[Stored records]
.....

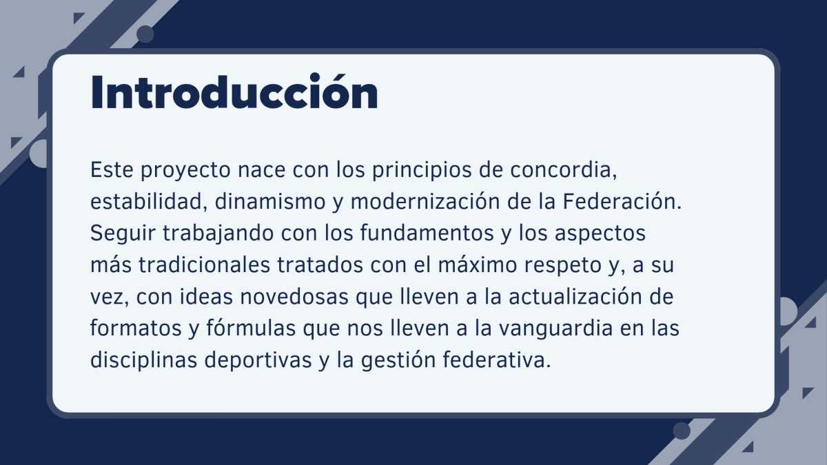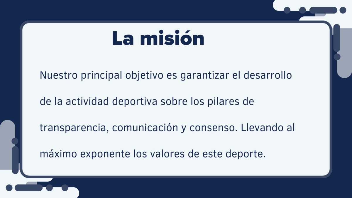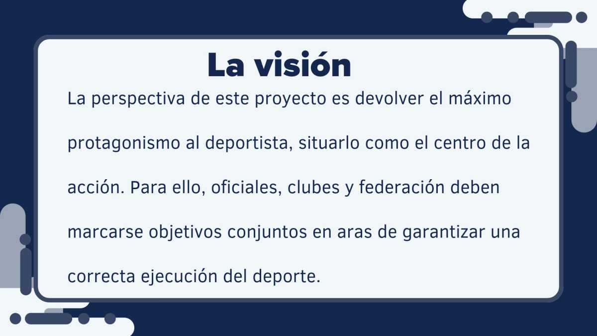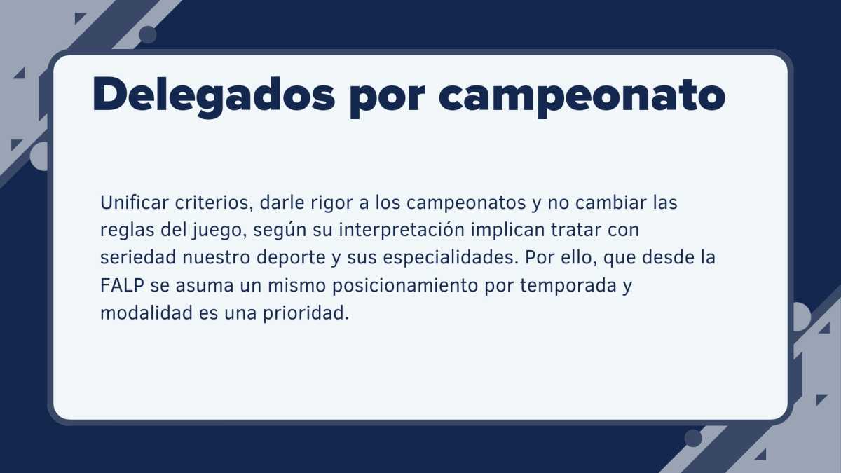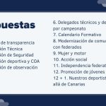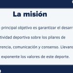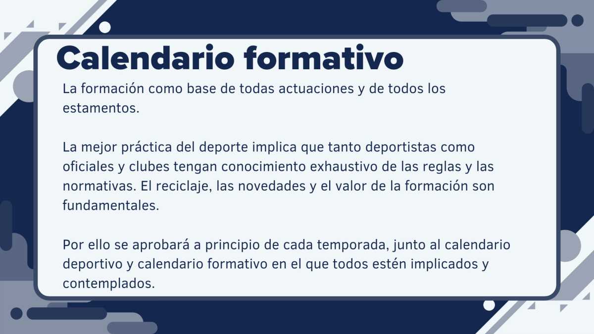 Y, con el mismo objetivo, fomentar la figura de delegados por campeonato de tal manera que el criterio sea el mismo durante toda la temporada y la aplicación reglamentaria, por ende, la misma». Asimismo, «poner en marcha un calendario formativo que suponga dotar a nuestros oficiales, deportistas y clubs de conocimientos para una mejor práctica del deporte. La formación como eje transversal de toda acción federativa».
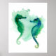 Poster with the turquoise blue green seahorses design of my own authorship. This is a print from my original seahorses watercolor painting titled "Pierre and Elise". One of a kind. You will love the poster!!!
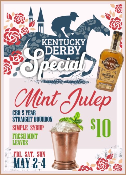 It’s gonna be a festive weekend at The Bottom! Sip on a craft Mint Julep cocktail for only $10 made with Creek Bottom’s 5 year Straight Bourbon Whiskey in honor of the Kentucky Derby. Cocktail special good all day Friday, Saturday & Sunday (May 2-4).
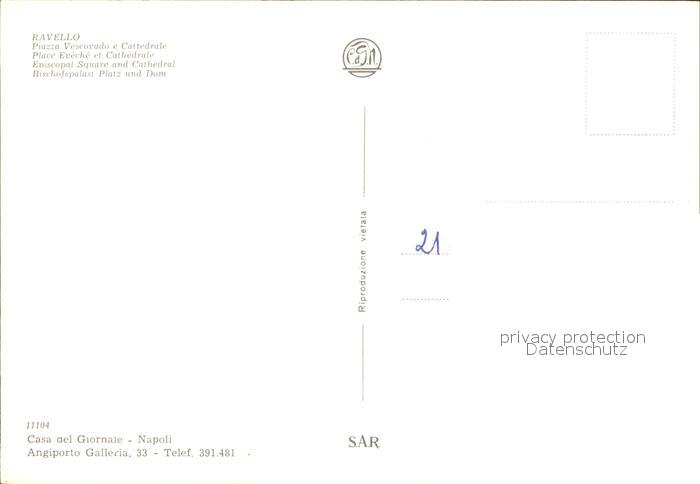 Ravello Piazza Vescovado e Cattedrale Bischofspalast Platz Dom postalisch nicht gelaufen Erhaltung siehe scans
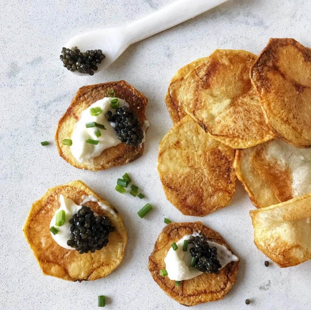 I love this recipe because it makes a statement that you have good taste, but know how to go high-low. What I mean by that is the caviar is obviously the high, and the low, though brilliantly low brow, are the potato chips from CVS. Yes, you read that correctly; some of the best potato chips are the CVS Gold Emblem brand. They are not always easy to come by, but I do my rounds of the CVSs until I find these chips. They’re sturdy thick chips, but they also taste amazing.
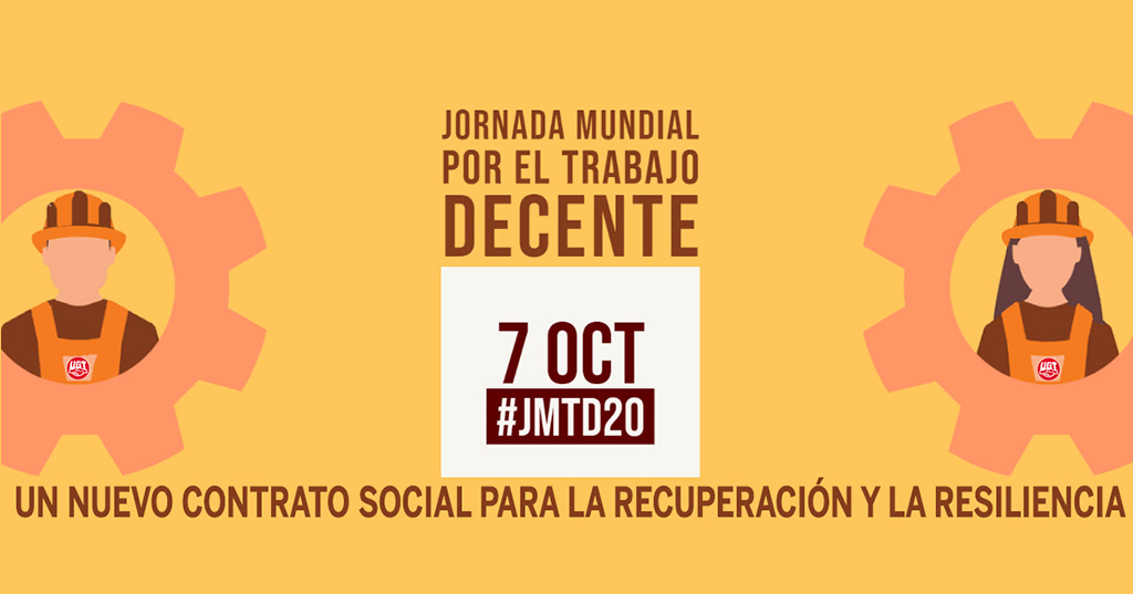 La Confederación Sindical Internacional (CSI) ha convocado para el 7 de Octubre de 2020 la 13ª Jornada Mundial por el Trabajo Decente, que este año tiene como objetivo exigir que los planes de reconstrucción, que están poniendo en marcha los Estados y organizaciones como la UE, tengan como elemento central el trabajo decente y se dé prioridad a las personas.

.....

Find "Ravello Piazza Vescovado" in the entries, then reproduce that line and each line after it exactly, through the last one. Pictures do not go in.

→ Written response
 Ravello Piazza Vescovado e Cattedrale Bischofspalast Platz Dom postalisch nicht gelaufen Erhaltung siehe scans
 I love this recipe because it makes a statement that you have good taste, but know how to go high-low. What I mean by that is the caviar is obviously the high, and the low, though brilliantly low brow, are the potato chips from CVS. Yes, you read that correctly; some of the best potato chips are the CVS Gold Emblem brand. They are not always easy to come by, but I do my rounds of the CVSs until I find these chips. They’re sturdy thick chips, but they also taste amazing.
 La Confederación Sindical Internacional (CSI) ha convocado para el 7 de Octubre de 2020 la 13ª Jornada Mundial por el Trabajo Decente, que este año tiene como objetivo exigir que los planes de reconstrucción, que están poniendo en marcha los Estados y organizaciones como la UE, tengan como elemento central el trabajo decente y se dé prioridad a las personas.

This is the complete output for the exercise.